Akşam oldu hüzünlendim ben yine
Geceyle bir türlü alıp veremeyen, kahrolan ve kahreden şarkılar silsilesi…
Yazı: Onur Uygun
Acı çekenlerin geceyle özel bir ilişkisi oluyor. Hatta bazı zamanlar, yakında gece olacağını bilmek bile başlı başına bir ön korku yaşanmasına sebebiyet veriyor. Uyuyabilene ne mutlu, ancak uyku haram olmuşsa demektir ki artık gözü kör olasıca şarkıcıların, yazarların, şairlerin insafına kalınmıştır.

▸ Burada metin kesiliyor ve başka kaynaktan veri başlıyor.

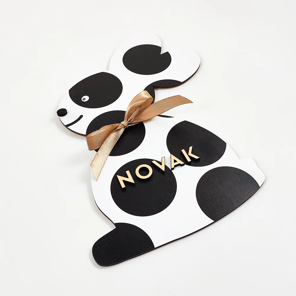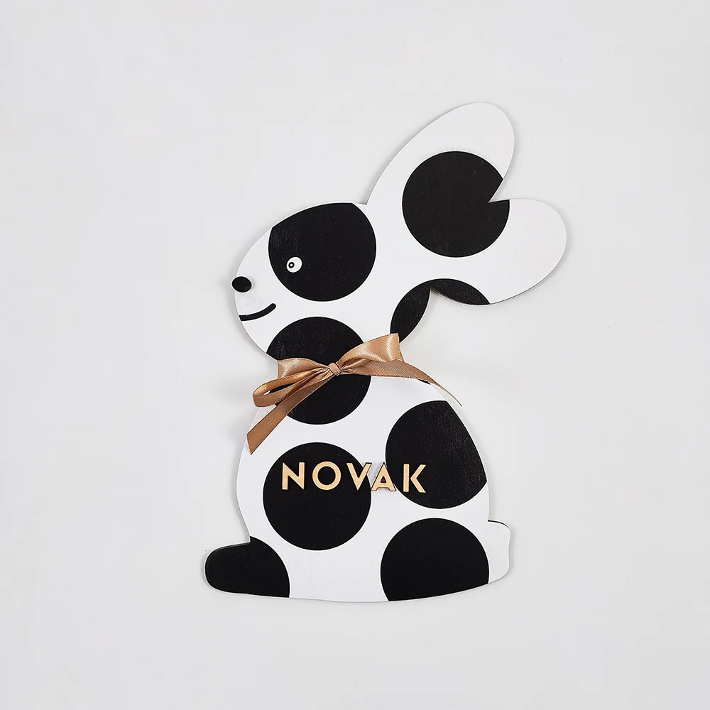 Dodajte osebno noto svoji velikonočni dekoraciji s prikupno tablico v obliki zajčka z imenom po meri. Izdelana iz kakovostnega lesa in ročno poslikana v igrivem črno-belem pikčastem vzorcu, ta zajček prinaša veselje in praznični šarm v vsak kotiček doma.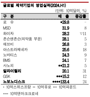 마찬가지로 GLP-1을 보유한 미국 일라이릴리(Eli Lilly)와 노보노디스크가 2024년 상반기 매출이 급증한 것으로 나타난 반면, GLP-1을 보유하지 못한 제약기업 상당수가 고전을 면치 못하면서 비만치료제가 명실상부한 글로벌 제약시장의 게임체인저로 등극했다.

Ki ironik bir şekilde onlar da az korkmaz geceden. Genelde hep aşka yorar gece dertlerini bu sanatçı tayfası. Çok da haksız sayılmazlar; gece hem olumlu hem de olumsuz olarak aşkla yakından ilgilidir. Acı çekenlerin düşmanı olan gece, sevgililerin de hatırı sayılır bir dostudur. Her şey sevdiğiniz kişinin kimi sevdiğine bağlıdır. Sizi seviyorsa aman sabahlar olmasın; ancak başkasını seviyorsa gece uzun sürecek demektir. Patti geceye methiyeler düzedursun (aşıktır bunu yaparken, Allah bozmasın -ki bozuyor-, ancak aşıkların cezai ehliyeti yoktur), Fitzgerald’a göre buruktur gece, Zeki ancak güneş batınca aşkının suretiyle baş başa kalır. Kayahan’ın elleri gündüzleri değil geceleri tütün kokar. Sabahları bir şekilde idare eden Amy akşam olurken peşin peşin huzursuzlanmaya başlar. Ella Fitzgerald’ın anıları hep akrep ile yelkovanın 12 üzerinde birleşmesine yakın hortlar. Ajda rüya görmemek için sabahlar, Nazan geceleri fotoğraflara bakamaz. Alex gece (aşktan) sayıkladıklarını gündüzleri söyleyemez, bir araya getiremez. Gel gelelim hayatın tek yoksunluğu bu tek kişilik aşklardan ibaret değildir. Diğer ihtiyaçlar da geceleri azar, el birliğiyle sel olur coşar. Ölmüşlerimiz bizi gece ziyaret eder, hayata dair defterler geceleri açılır. “‘Geceler gündüzlerden daha acımasız’ der Gencebay” der Ezhel.
Ne var bu gecede böyle? Güneş yerindeyken her şey yolundadır da ay çıkınca mı aşk koyar? Gündüz bizi oyalayan ne varsa gece olunca bir bir eksilir ya evrenden, ondan olmalı. Yani karanlıktır sorumlusu en nihayetinde. Daracık bir çemberin dışında bizi oyalayan ne varsa hepsinin geceyle birlikte yok olacağını biliriz. Pencereden bakınca gördüğümüz şeyler kaybolmuştur. “Takma, geçer” diyen arkadaşımız da, sokaklarımızı kalabalık kılanlar da karanlığı fırsat bilip uyuyordur; ki uyumak da, bilindiği üzere, minimal bir yok olma halidir. Gıcıklığına dışarıdaki tüm sesler de kesilir ki daha da yalnız kalsın gececiler. Sorgu odasındaki kabahatli misali yalnız kalırız, derdimiz kalır, diğerleri çıkabilir. Böyle böyle her yerden kısarak küçülen evrende acımızın kapladığı alan büyür.
Bazen şunu düşünmek hoşuma gider: Dünyada benzer insanlardan oluşan, ancak var olduğundan bihaber yaşayıp giden gruplar var. Örneğin pazar sabahları erkenden kalkanlar. Hepsi bunu hissetmez ama o pazar sabahları evrende yalnızca onlar ve onlar gibiler vardır. Sokağa çıksalar yalnızca birbirlerine rastlarlar. Konuşsalar birbirleriyle çok iyi anlaşırlar; birleşseler devrim bile yaparlar. Ondan sonra hayvanı ölenler var mesela. Anlarım sanırsınız ancak hayvanınız ölmeden anlamazsınız. Piyangodan iyi bir ikramiye kazananlar var. Terk edilenler var. Bir de geceleri acı çekenler var. Milyonluk şehirlerin geceleri uyuyan binlerce sokağından birinde, yüzlercesinin arasında ışığı yanan o tek pencerenin sorumlusu.
Bari birbirlerini hissetseler. Çünkü doktor istemezler, damdan düşen birini isterler.